‘Like walking onto a film set’: Couple’s stunning wedding photos under the Storm Ophelia red sky

Colette and Tristan Cooper's wedding photo under the red sky on Monday - Sean Elliott 
Colette and Tristan Cooper's wedding photo under the red sky on Monday - Sean Elliott

A bride and groom had been hoping to give their wedding a glitzy Great Gatsby feel but ended up with something closer to a Spielberg sci-fi movie due to the rare red sky weather phenomenon.

Colette and Tristan Cooper had carefully themed their nuptials around the F. Scott Fitzgerald novel yet as they stepped out of their venue on Monday the skies had turned a dark red hue due to Storm Ophelia.

Fortunately this combined with the light fog around their Ellingham Hall venue, in Northumberland, to bathe its grounds in an amber mist, creating a unique backdrop for their wedding photos.

“We had absolutely no idea it was going to be like that,” Colette, 33, told the Newcastle Chronicle.

“I’d been keeping a check on the forecast and it looked like it was going to be a bit cloudy and then the sun would come out in the afternoon. I couldn’t believe it when I walked outside - it was like walking onto a film set.

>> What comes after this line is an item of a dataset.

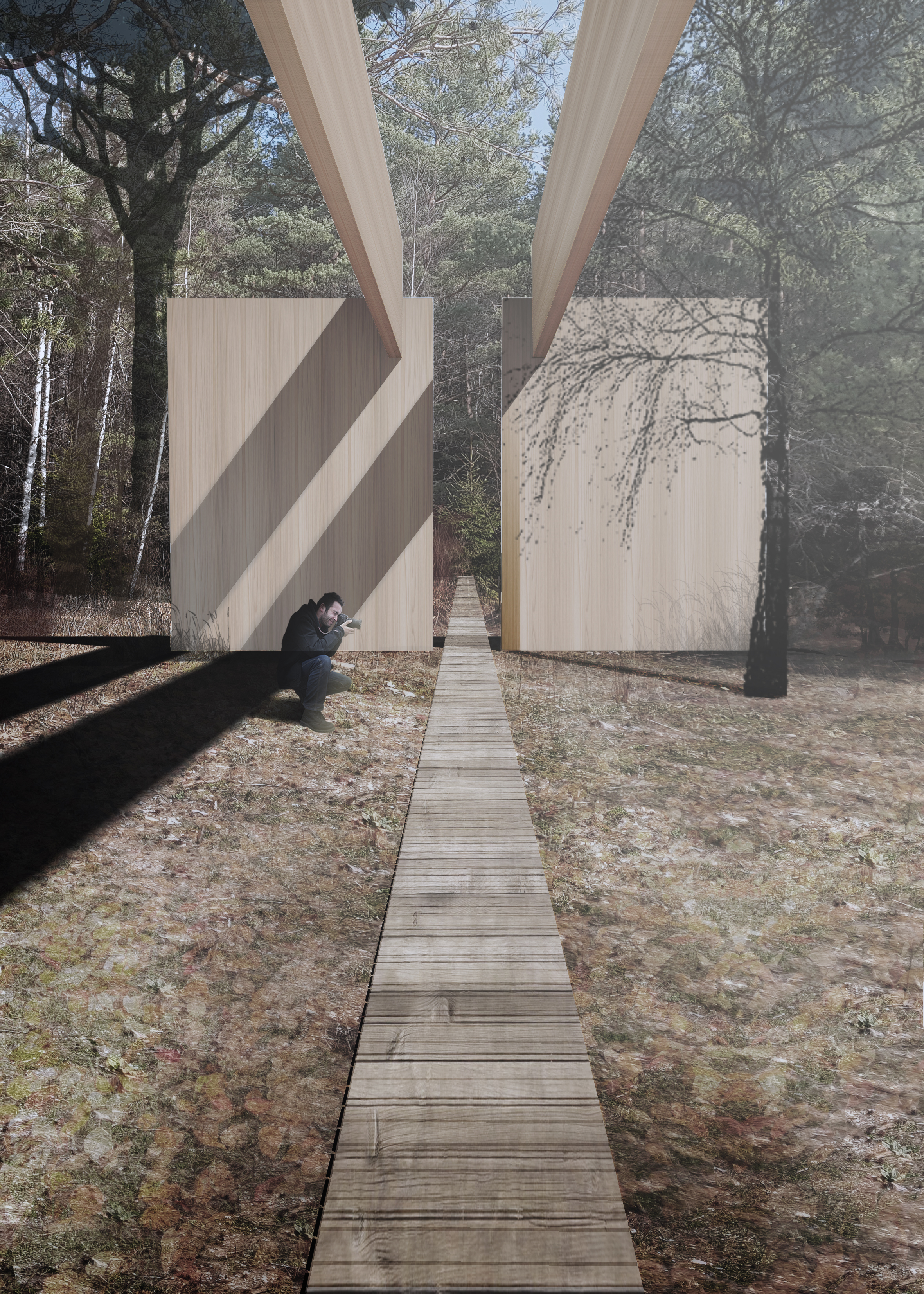 La nostra proposta di progetto è una metafora. Immaginiamo il centro per visitatori come un insediamento rurale diffuso, che dialoga con l’ambiente attraverso prospettive privilegiate e relazioni spaziali accennate capaci di capovolgere i punti di vista. Tre padiglioni in legno evocano il trittico “Passato - Presente - Futuro”. Questi sono connessi l’uno all’altro per mezzo di un sentiero che sollecita i sensi umani ad aprirsi in modalità diverse nei confronti della foresta. Il padiglione principale “Ora” ospita una sala espositiva con caffetteria e punto informazioni, una terrazza coperta e spazi per gli addetti ai lavori.

Red sky sun wedding  - Credit: Sean Elliott
Colette and Tristan Cooper Credit: Sean Elliott

“There was all this mist and low lying fog and the sun was a really strange colour. There were all these crazy conditions coming together at once. It was really spooky but really atmospheric - so striking.

Colette, a clinical scientist who works for the NHS at Newcastle’s Centre for Life, has been with architect Tristan, 30, for four year and the pair live in from Scotswood, Newcastle. They had been planning the wedding since August last year when Mr Cooper proposed while they were on holiday in Budapest.

Red sky sun wedding - Credit: Alamy Live News/Julia Gavin
The red sky in Bushy Park, London, on Monday Credit: Alamy Live News/Julia Gavin

They couldn’t have foreseen that their big day would coincide with the unusual phenomenon, which forced some parts of the country to turn on streetlamps in the middle of the day.

The red sun was caused by Storm Ophelia’s winds pulling up Saharan dust that was then reflected and refracted in longer wavelengths, giving a red appearance to the sky.

The couple’s photographer, Sean Elliott, 40, said he had noticed it was becoming dark outside during the ceremony so he was keen to get the confetti shot done straight after the pair had exchanged vows.

Red sky sun wedding - Credit: Sean Elliott
Mr and Mrs Cooper walking through the mist Credit: Sean Elliott

The first inkling he got of the ethereal scene unfolding outside was when he overheard comments startled guests were making as they filed out of the venue.

Mr Elliott said: “I could hear people leaving and saying things like ‘wow, this is weird’ and ‘what's happened?’ Someone even said ‘has Trump actually pushed the button?’ It did feel like how images of a nuclear fallout would be.”

The Newcastle-based photographer, who has shot over 800 weddings, said he was keen to capitalise on the rare spectacle and hurried through the group shots so he could get the couple away into the grounds.

He added: “I commented to the bride Colette that the weather felt like Spielberg had gone to town on set of the Tess of the D'Urbervilles movie’. She replied how much she loved that book.”

Red sky sun wedding - Credit: Sean Elliott
Mrs and Mr Cooper were thrilled with the results of their wedding shoot Credit: Sean Elliott

The newlyweds, who are now on their honeymoon in Italy for two weeks, were delighted with results of their wedding shoot.

Mrs Cooper added: “I think it definitely enhanced it. Everyone kept telling us how unique it was, and even though we didn’t have sun it was really special. The pictures are amazing - we couldn’t believe it when we saw them.”